[XML-SIG] Re: Re: Maki: great!

Alessandro Bottoni abottoni@quadrante.com
Thu, 21 Feb 2002 11:46:00 +0100


----- Original Message -----
From: "Sam Brauer" <sam@webslingerZ.com>
To: <xml-sig@python.org>
Sent: Wednesday, February 20, 2002 7:45 PM
Subject: [XML-SIG] Re: Re: Maki: great!


[Sam Brauer]
maki comes with some example logicsheets.  One provides a set of tags that
allows you to embed SQL queries in your pages and inserts the results as
several nested elements in the page.  Another provides a tag set for
obtaining data from an HTTP request.
Example pages that use both of these are installed with maki.

I would like to include more examples, but nothing so elaborate as a
portal.

[Alessandro Bottoni]
Of course! The existing examples will be enough (even if I did not study
them yet...).

[Sam Brauer]
As other people have pointed out on this list, there are already
Python-based portal systems you could use.  To write a maki-based one
that's comparable would not be a trivial undertaking.  I'm sure it could
be done, but I'm not going to do it unless I need to create a portal site
for a client and find that the existing systems don't suit my needs.

If you write one, I would definitely check it out :)

[Alessandro Bottoni]
I cannot agree. I looked for something like ezPublish (or even the less
sophisticated PHPNuke) in the Python world for a while. There is nothing
like that.
WebWare is more an application server than a framework. You have to develop
the whole web app from scratch and this is not what solves my problems.
Zope is too "rigid" and complex. You have to study it in depth and this
require time, the time we do not have. Moreover, it is quite hard to change
or extend it.
No, sorry, there is any real alternative to ezPublish or PHPNuke in the
Python world, at the moment.

Deeveloping a Maki based system is a hard task, for sure, but it is the kind
of task we are payed for. I will largely prefer to develop a "archetypic
portal" like ezPublish once rather than re-write it several times, with just
small differencers. If you use ezPublish for a while you realize this: a
good system like that can meet the needs of the customer quite often and
change it is not very difficult. It is worth to show it to the customer and
search a meeting point between what it can do (with small changes) and what
the customer wants (normally, small UI toys and a gorgeous graphic).
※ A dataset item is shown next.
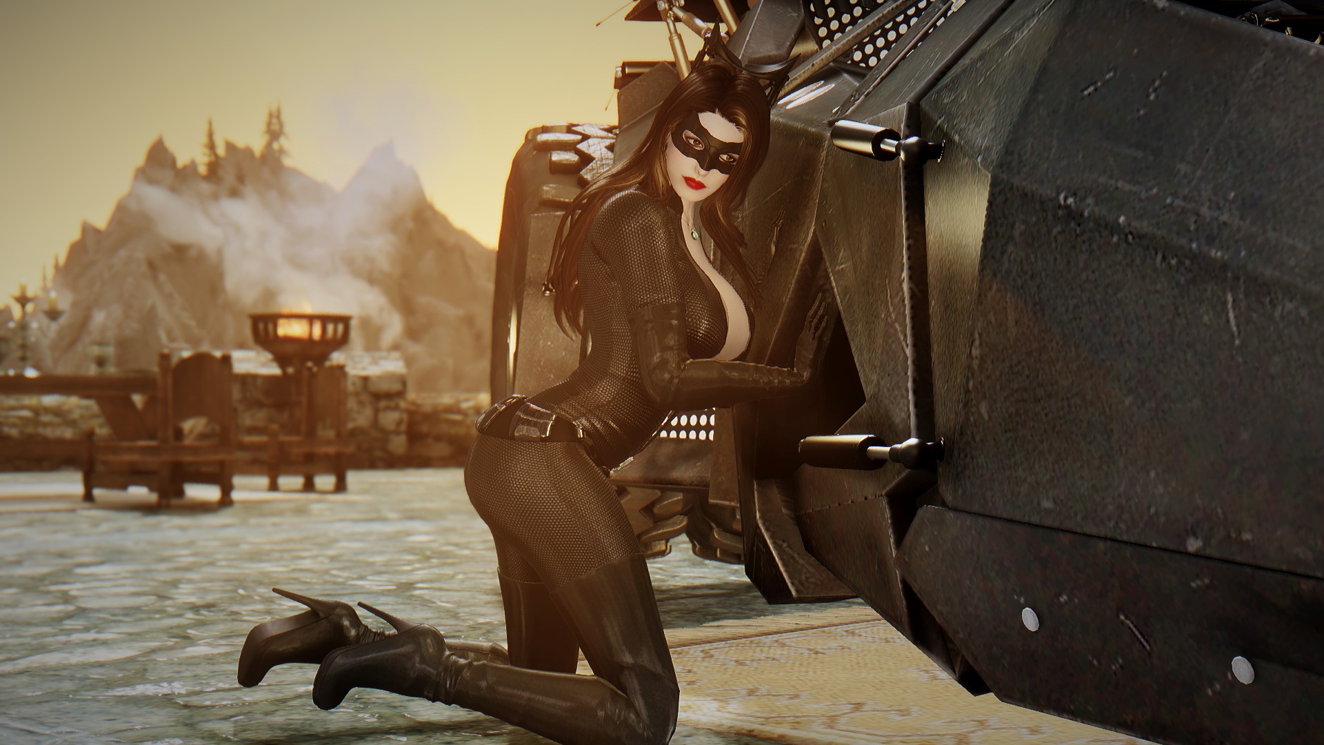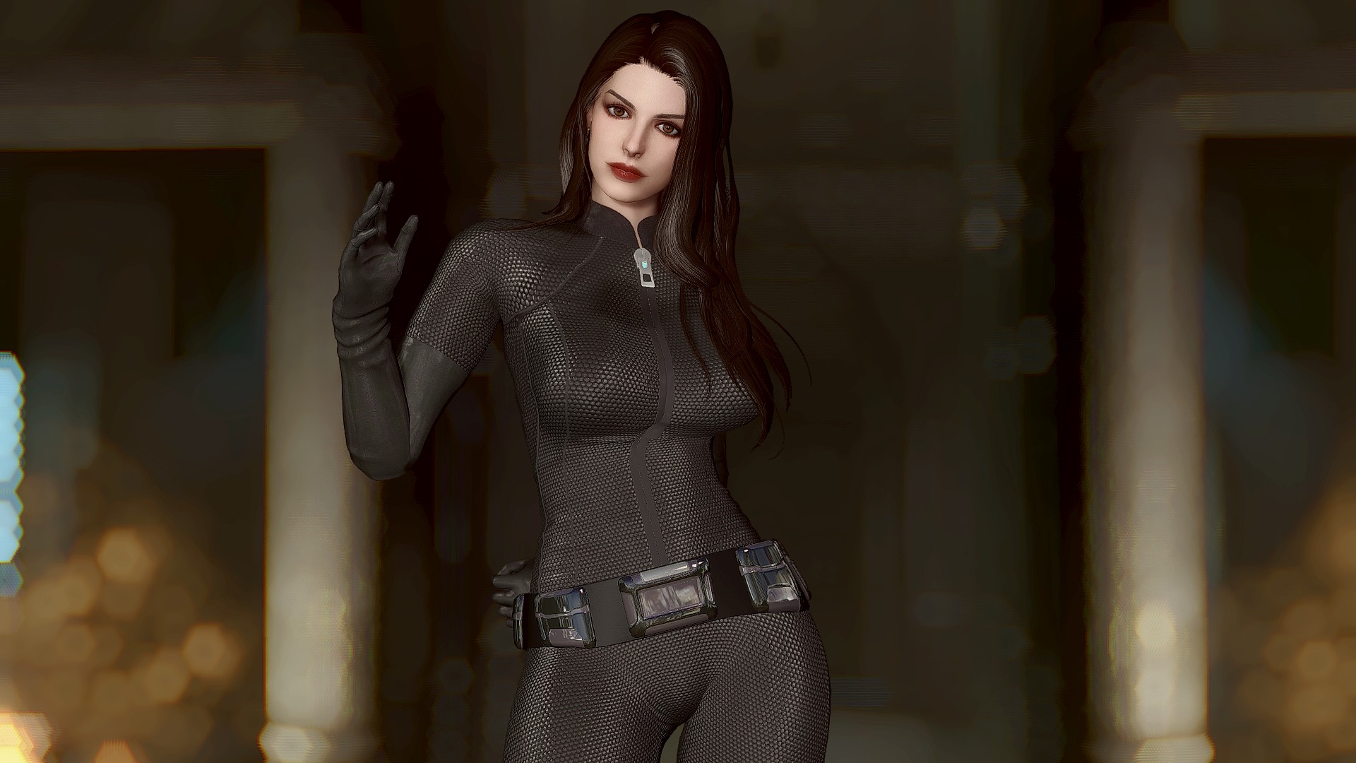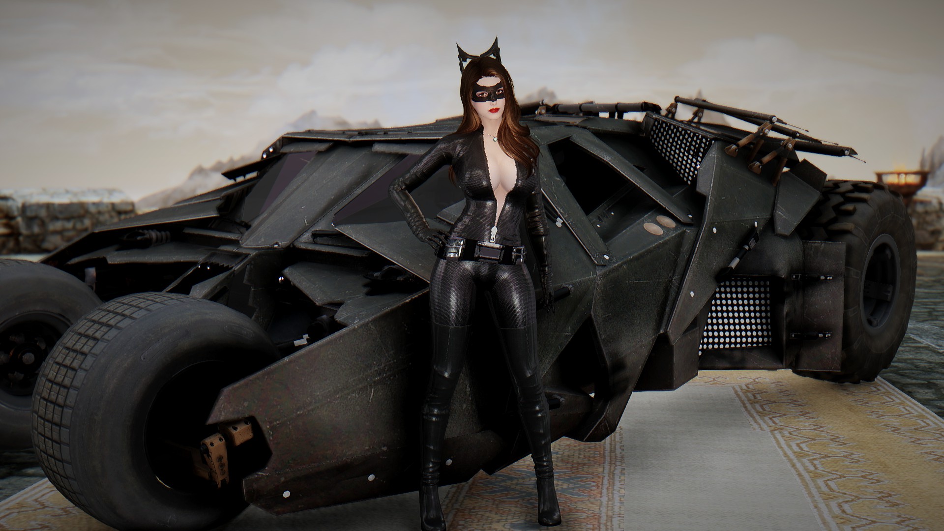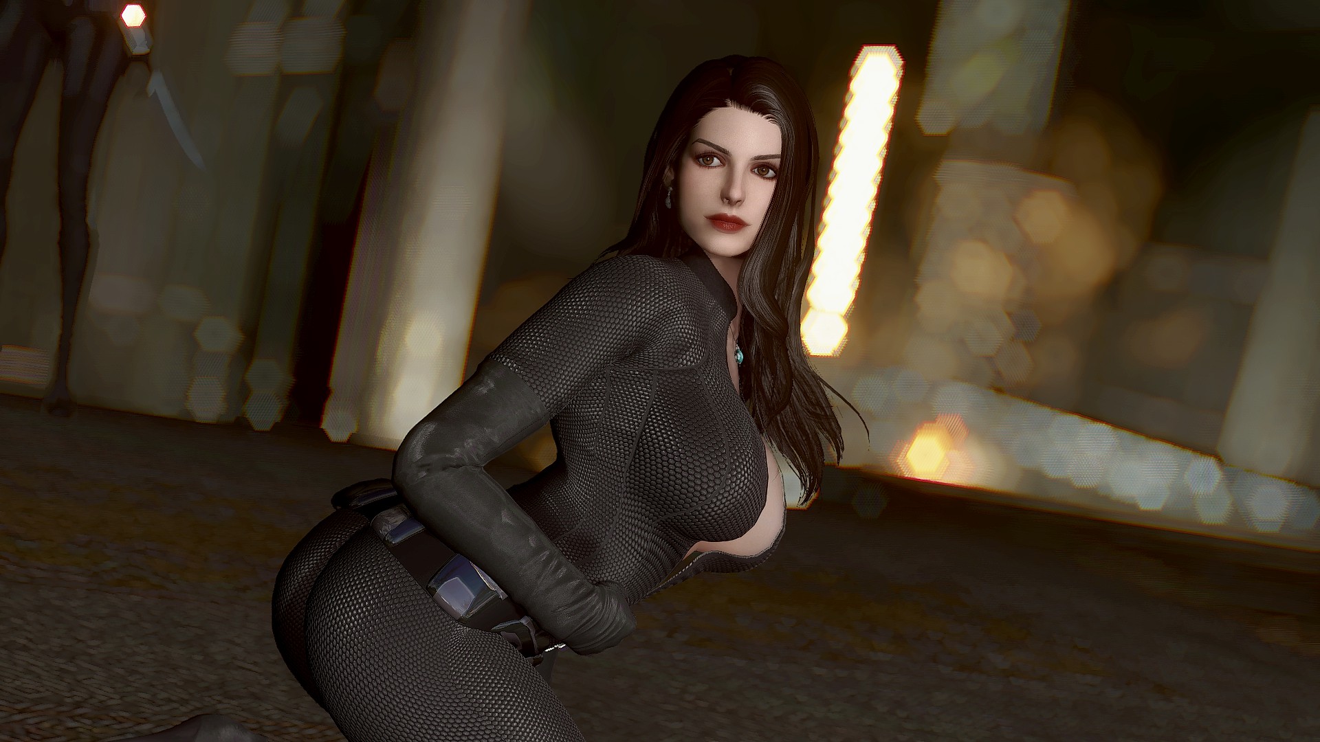 Селина Кайл носит костюм женщины-кошки и вы можете настроить ее наряд через диалог. У нее есть маска и парик smp в инвентаре. Чтобы использовать парик, вам нужно установить патч (опциональный файл smp-pe path).

This
saves a lot of time and efforts.

[Sam Brauer]
I'm using maki right now to do a site that has all the tasks you listed
(article publishing, poll management, calendar, etc).  What I like about
maki is that it provides a great framework on which to build these
things, and it's generic enough that one could build almost any type of
webapp on it.  But writing webapps that are generally reusable for many
websites is hard.   The next time I have a need for an article publishing
system, I'll probably use the one I'm writing now as a starting point.
But I'm sure I'll have to make modifications so that it suits the needs of
the next project.  Though both sites have a concept of articles and a need
to publish them, each site may have very different concepts of what
constitutes an article, or how articles should be categorized, or how
articles can be related to other articles, etc.
Gee... I'm getting depressed now.  On the positive side, at least there's
job security in knowing that there's always more custom work to do ;)

[Alessandro Bottoni]
I cannot agree, again :-)
Making a "standard" web app is not so hard and ezPublish is a good
demonstration of this concept. Most customers want the same features with
just small differences. If your company has a skilled salesman, he/she can
easily show a standard portal like ezPublish to the customer, discuss it
with the customer and bring you a customer request that is 80-90% identical
to ezPublish. Quite often, the most important change is the site graphics.
Most features are already presents and you just have to configure them. Real
code chenges are quite rare and, in any case, can be easily be implmented in
a resuable way. That is a good care for depression, IMHO.